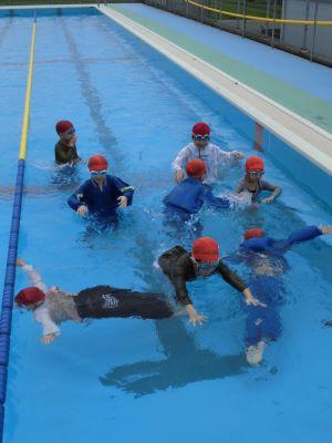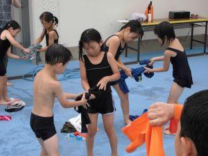 まずは、服を着て泳いでみます。泳ぎにくいですね。
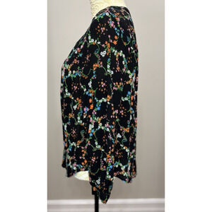 Chic black blouse with vibrant floral pattern. Features long sleeves and a relaxed fit. Perfect for casual or dressy occasions.
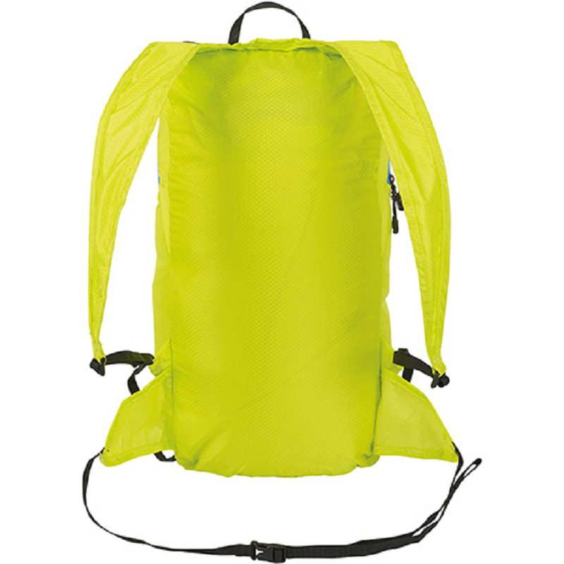 - Meget lett 15-liters sekk lagres i en egen pose som kan bæres i livet når den ikke er i bruk
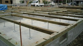 木材が緑色にみえるのは、加圧注入で防蟻処理をしているためです。
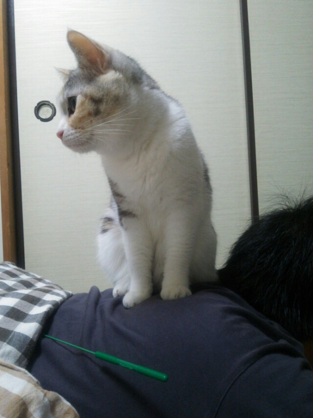 背中とお布団の間におもちゃを隠したら、しまみけが登ってきました。
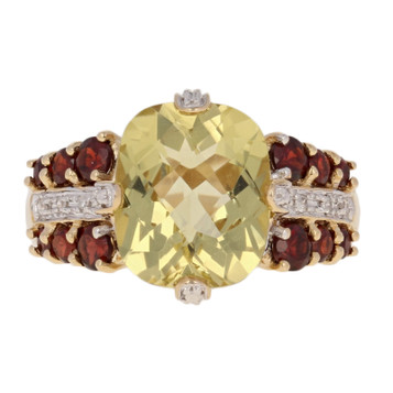 Make this gorgeous ring the highlight of a special birthday or milestone anniversary! Fashioned in 14k yellow gold, this NEW piece features a beautifully-faceted green quartz solitaire. Diamond accents set in beads of 14k white gold encircle the mounting and adorn the shoulders of the band, which are bordered on the top and bottom with 12 wine-red garnets.
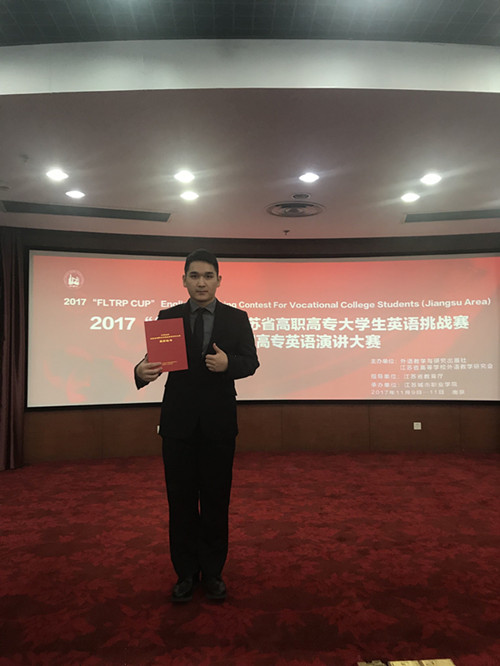 2017年“外研社杯”江苏省高职高专英语演讲大赛已在江苏城市职业十三水游戏 落下帷幕。近日获奖名单公示,十三水游戏 经济与管理系市场营销专业施奇同学荣获二等奖,艺术设计与建筑工程系的赵玉倩同学荣获三等奖,基础部江慧萍老师荣获优秀指导教师奖。
*****
■ About this task: Leave the pictures out, and reproduce only the lines from the line holding "- Meget lett" through the last line of the material, both included.

■ Written response:
 - Meget lett 15-liters sekk lagres i en egen pose som kan bæres i livet når den ikke er i bruk
 木材が緑色にみえるのは、加圧注入で防蟻処理をしているためです。
 背中とお布団の間におもちゃを隠したら、しまみけが登ってきました。
 Make this gorgeous ring the highlight of a special birthday or milestone anniversary! Fashioned in 14k yellow gold, this NEW piece features a beautifully-faceted green quartz solitaire. Diamond accents set in beads of 14k white gold encircle the mounting and adorn the shoulders of the band, which are bordered on the top and bottom with 12 wine-red garnets.
 2017年“外研社杯”江苏省高职高专英语演讲大赛已在江苏城市职业十三水游戏 落下帷幕。近日获奖名单公示,十三水游戏 经济与管理系市场营销专业施奇同学荣获二等奖,艺术设计与建筑工程系的赵玉倩同学荣获三等奖,基础部江慧萍老师荣获优秀指导教师奖。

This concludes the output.